I wrote this at two am the day before I was to give a historical treatise/bardic oratory for the opening presentations at the Pacific Northwest Highland Games and Clan Gathering. It was a museaic perspective of Moray and Clan Chattan's part at the first stramash at Bannockburn. I thought you might like it for your web site.

Bannockburn – 1314.
~ by William G. A. Shaw of Easter Lair

....."I was both afraid and impressed as the English knights formed ranks and tried to canter up the uneven wet ground of Allt a' Bhonnaich – the Bannock Burn. The English looked like they were at a Midsummer tournament, showing off for their damsels.

Each knight blazed with heraldry and color – from their flags, banners and pennons to their crested helmets, painted shields and flowing surcoats. As the distance between them and our Shield Troop, our Schiltron narrowed, I saw that even their horses trappings had decorations!

Our Chief, Angus MacFearchar Mhic an Toiseach was encouraging our clan…first making jokes about the oncoming enemy, then exhorting us to "‘Remember your Training, dammit'. And make me Proud".

"And Hold Fast - Hold fast for Raibeart an Righ" – for Robert the King.

Angus's quartered red lion and blue chequy banner also fluttered proudly in the wind. And he too displayed his coat of arms on his tunic and on his shield. But in our leather and mail jacks and muted tartan cloaks, us Moraymen looked like drab moor hens compared to the colorful storm thundering towards us on horseback.

My own clan, the Clan Chattan, the ‘Clan of the Cats’ was part of good King Robert’s army. Our Shiltron was commanded by The Bruce's cousin, the Earl of Moray. As we closed ranks, our thicket of grounded twelve foot spears formed an angry brown hedgehog of death. A second before impact, we all tensed up. And yelled like madmen.

The cavalry hit us like a huge wave. Lances and spears snapped, men yelled, steel clanged, horses lunged and screamed and we surged backwards a little in shock. But grunting, bleeding, pushing and spearing at anything colorful that moved, or neighed - some of us fell, but we held our ground.

After our first melee, the Earl of Moray was not quite so dapper looking now, his once pristine surcoat was smeared with blood and dirt, his helmet had two dents. His shield now scarred and battered in the first charge.

The English swirled, regrouped, and came at us again. Stabbing at the second wave of 'chivalry', our Shiltron lunged forth. Panting, swearing, yelling, and some even farting in our muscle-straining efforts. But we held our now churned and muddy ground again. Turf flew as slashed and dying horses foundered, screaming and flailing...their intestines uncoiling wetly. Their proud riders crushed or thrown down with a heavy clatter. And then we skewered them. It was like spearing fish.
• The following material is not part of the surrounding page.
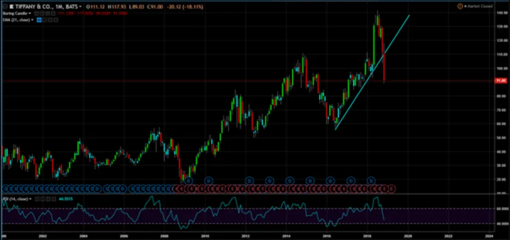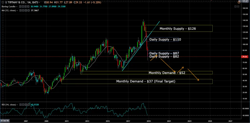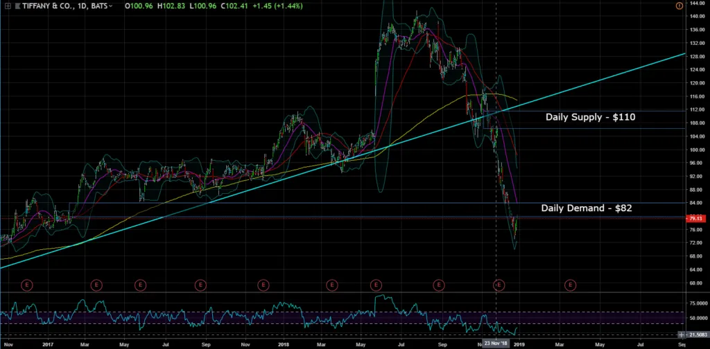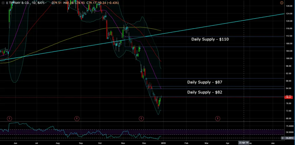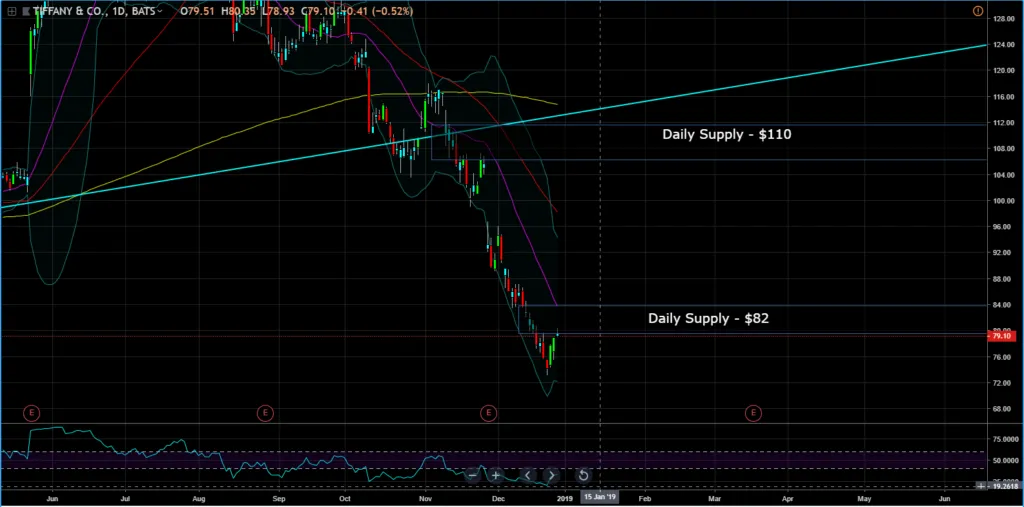 Last week, Tiffany stock price broke though the daily supply at $82.

The English's third try was less powerful. And less chivalrous. Frustrated, they threw so many axes and maces at our Shiltron. We piled the dead (and some not quite dead) up in the middle of our circle of spearmen like chicken bones on a plate. And then the riders wheeled off. Incredulous that we still lived, we all panted for a moment, soaked in blood, sweat, mud and maybe just a little bit of piss.
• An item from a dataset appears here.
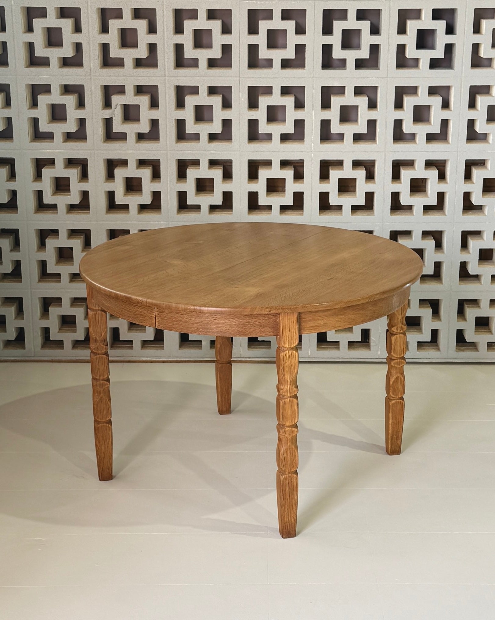 Impressive extension dining table in European oak. Sits as a round table in its compact form and extends with two large plates.

Raising his great sword, Moray yelled 'At them lads!' And - just like we practiced again and again under the Watchful Eye of The Bruce, our Shiltron re-formed and lurched forward in a shambling, then jogging steel-tipped, noisy charge. Amazed at the unnatural sight, the English broke ranks, wheeled and hightailed it back to their marshy camp.
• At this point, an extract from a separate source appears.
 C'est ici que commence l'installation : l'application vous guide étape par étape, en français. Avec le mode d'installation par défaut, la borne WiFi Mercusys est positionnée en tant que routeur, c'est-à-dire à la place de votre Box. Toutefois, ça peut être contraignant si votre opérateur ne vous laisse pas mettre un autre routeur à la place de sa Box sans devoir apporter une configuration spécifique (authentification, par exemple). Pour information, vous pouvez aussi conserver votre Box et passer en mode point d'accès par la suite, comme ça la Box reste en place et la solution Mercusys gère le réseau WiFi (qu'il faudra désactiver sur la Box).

We raised our spears and battle flags and swords and taunted them. The Shilton of Moravia had drawn first blood. And tomorrow King Robert would sweep them all from the marshy ground.

Alba gu Brath!


As I was driving to work on a dark, sleety Winter Solstice morning I was thinking of the 700th Anniversary of Bannockburn coming up. I was also thinkin gof the pivotal September election (!). I was also thinking of my good friend and Brother Christopher Robert Bruce (The Bruce Family and Chief's Representative in Australia). Suddenly, this little poem just popped in to my head - almost in entirety! Where did THAT come from?! I stopped my car, and fished around for a pen and scrap of paper and wrote the rhyme down before it faded away in the pre-dawn mist.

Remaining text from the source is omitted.